これが転じて、一般に古物市・のみ市となりました。
● 群雄割拠(ぐんゆう-かっきょ)
多くの英雄や実力者たちが各地に勢力を張り、互いに対立して覇はを
競い合っていること。▽「群雄」はたくさんの英雄・実力者。
「割拠」はそれぞれが土地を分かち取り、そこを本拠として勢力を張る
こと。中国や日本の戦国時代などの状況をいう。
● ビッグデータ(big data)
膨大かつ多様で複雑なデータのこと。スマートホンを通じて個人が発する
情報、コンビニエンスストアの購買情報、カーナビゲーションシステムの
走行記録、医療機関の電子カルテなど、日々生成されるデータの集合を
指し、単に膨大なだけではなく、非定形でリアルタイムに増加・変化すると
いう特徴を持ち合わせている。

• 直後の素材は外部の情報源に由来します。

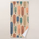 This towel set has a peach washcloth, a teal hand towel, and a bath towel with a mid-century modern design of long ovals in peach, green, blue, teal, and light brown with black lines with circles on the ends.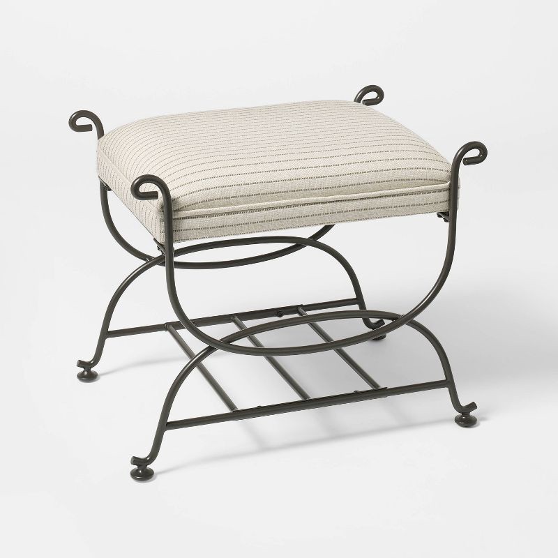 Add versatile seating and style to your space with this Metal Ottoman Performance Stripe Fabric from Threshold™ designed with Studio McGee. This upholstered ottoman features a dark metal frame with sc…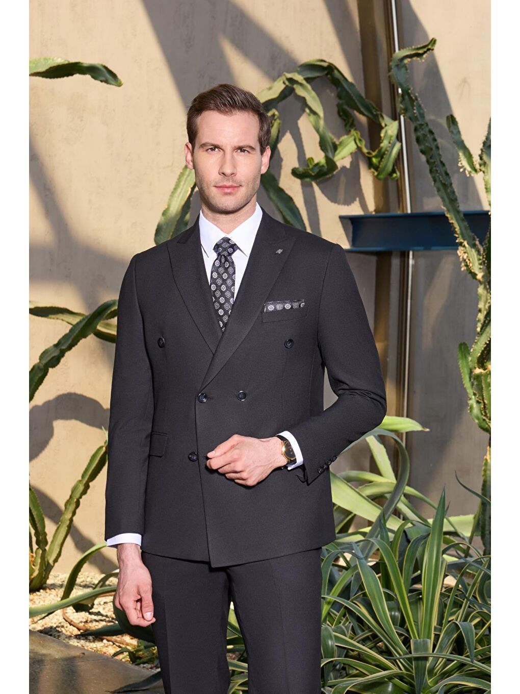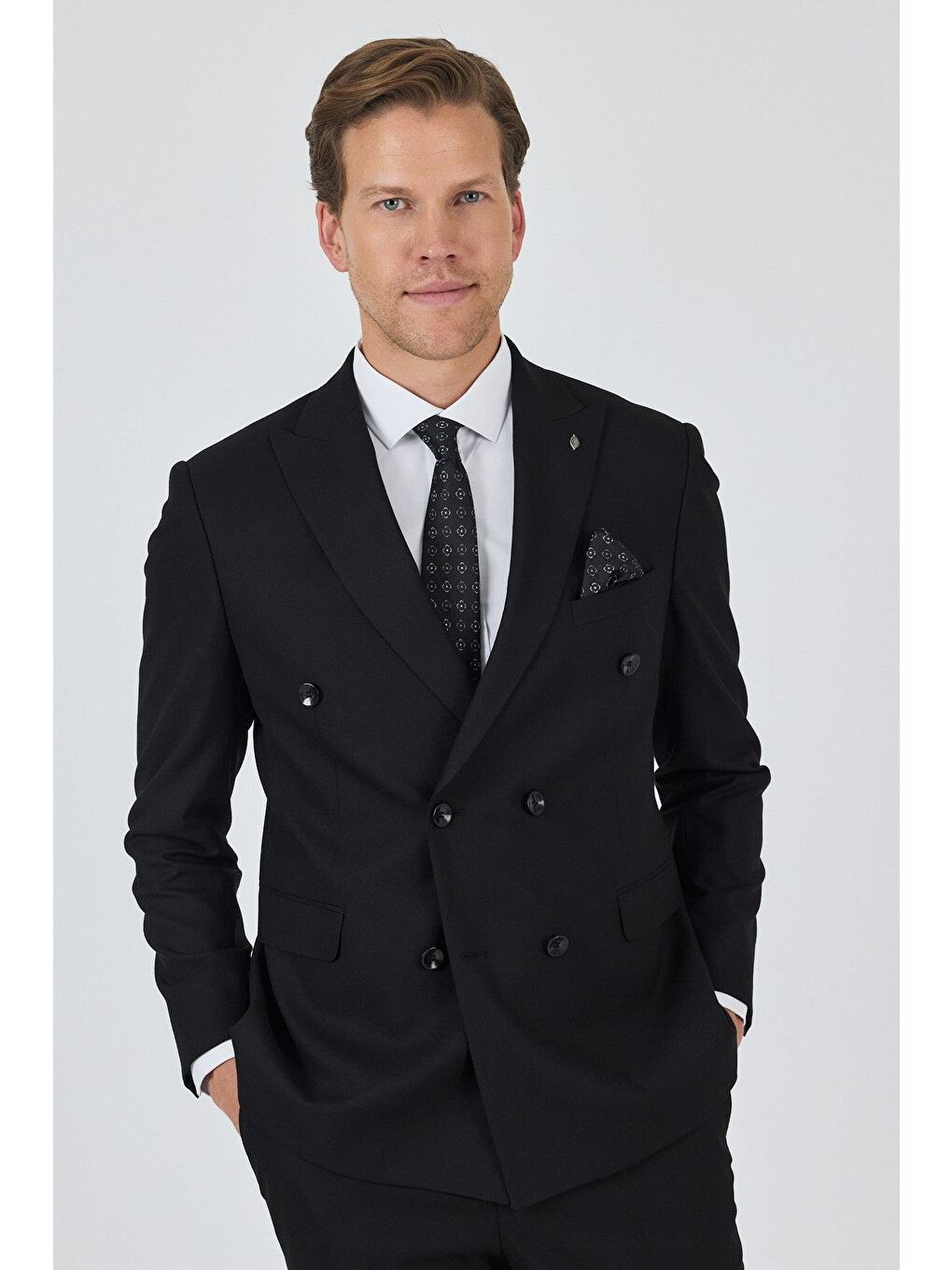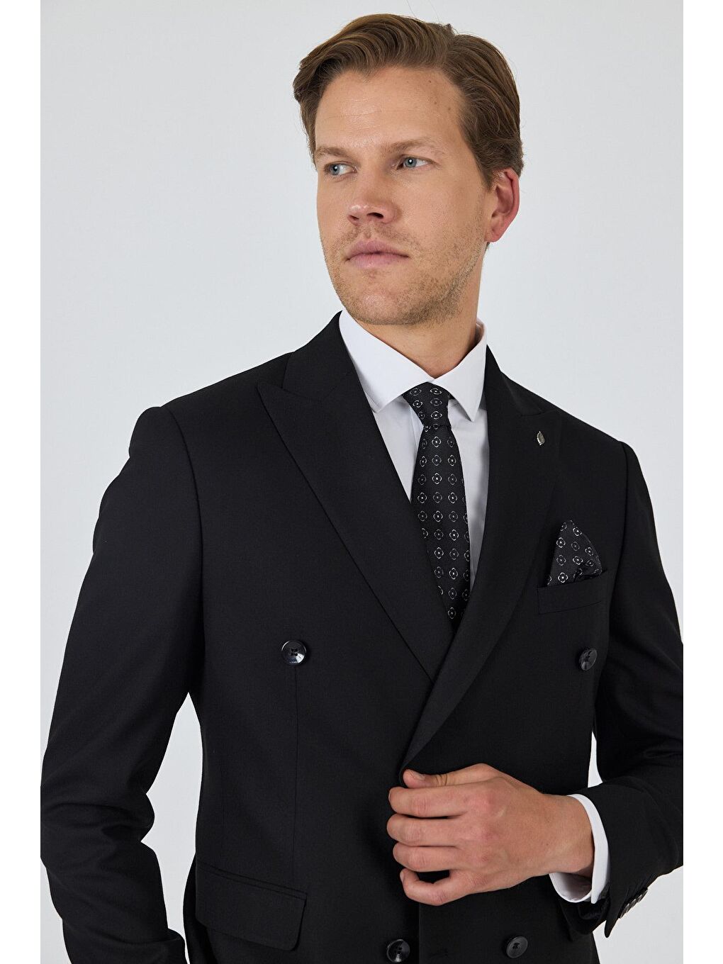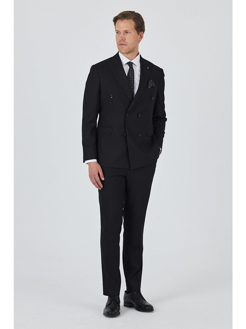 کت و شلوار 1001250172 یقه شمشیر مشکی ساده کلاسیک انعطاف پذیر باریک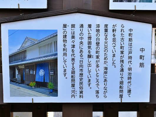 美々津は何度も訪れたことがあるところですが、古い町並みが残る通りをゆっくりと見物したことが一度も無いので、この日はお雛様を眺めながら町並み散策をしました。まず最初に歩いたのは廻船問屋が軒を連ねる「中町筋」です。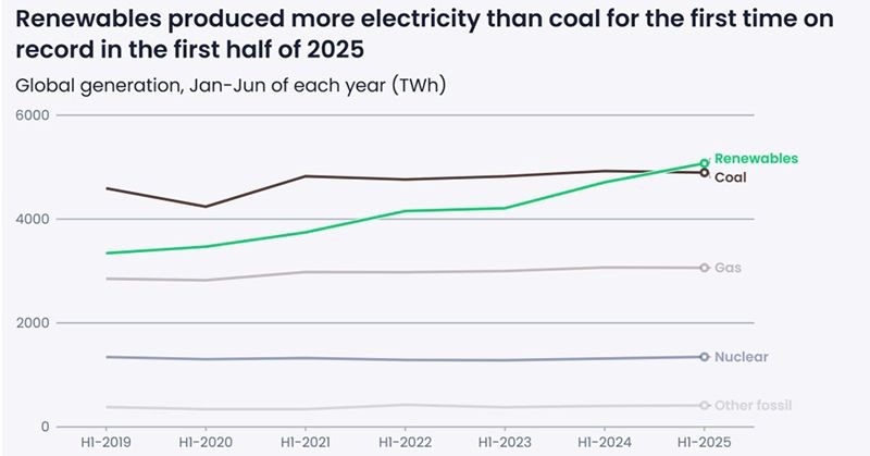 環境・エネルギー分野のシンクタンクである英Ember(エンバー)は10月7日、2025年上半期における世界の発電量に関する調査レポート「Global Electricity Mid-Year Insights 2025(2025年中期・世界電力展望)」を発表した。太陽光発電と風力発電の大幅な増加により、再生可能エネルギー発電が初めて石炭火力発電を上回った。 以下ソース

このようなデータを扱う新たな手法の開発に
より、2010年前後から、産業・学術・行政・防災などさまざまな分野で
利活用が進み、意思決定や将来予測、事象分析が行われている。
● ハイブリッド(hybrid)
1. 動植物の雑種。
2. 異質のものの混成物。
3. 電気信号を、相互の干渉なく、結合または分離する装置。
● トライ&エラー
(trial and error) 新しい問題に当面した場合、思いつく方法を次々に
試みて失敗を重ねていくうちに、解決するに至る行動様式。
偶然成功した動作は以後繰り返して行なわれ、失敗した動作は行なわれ
ないようになり、心理学では学習様式の一つとされている。 試行錯誤。
● レガシー
レガシー(legacy)は英語で「遺産」を意味する言葉です。
本来は「亡くなった人がのこした財産」を意味するのですが、派生的に
「世代から世代へ受け継ぐものごと」も意味します。2017/09/23
この続きは、次回に。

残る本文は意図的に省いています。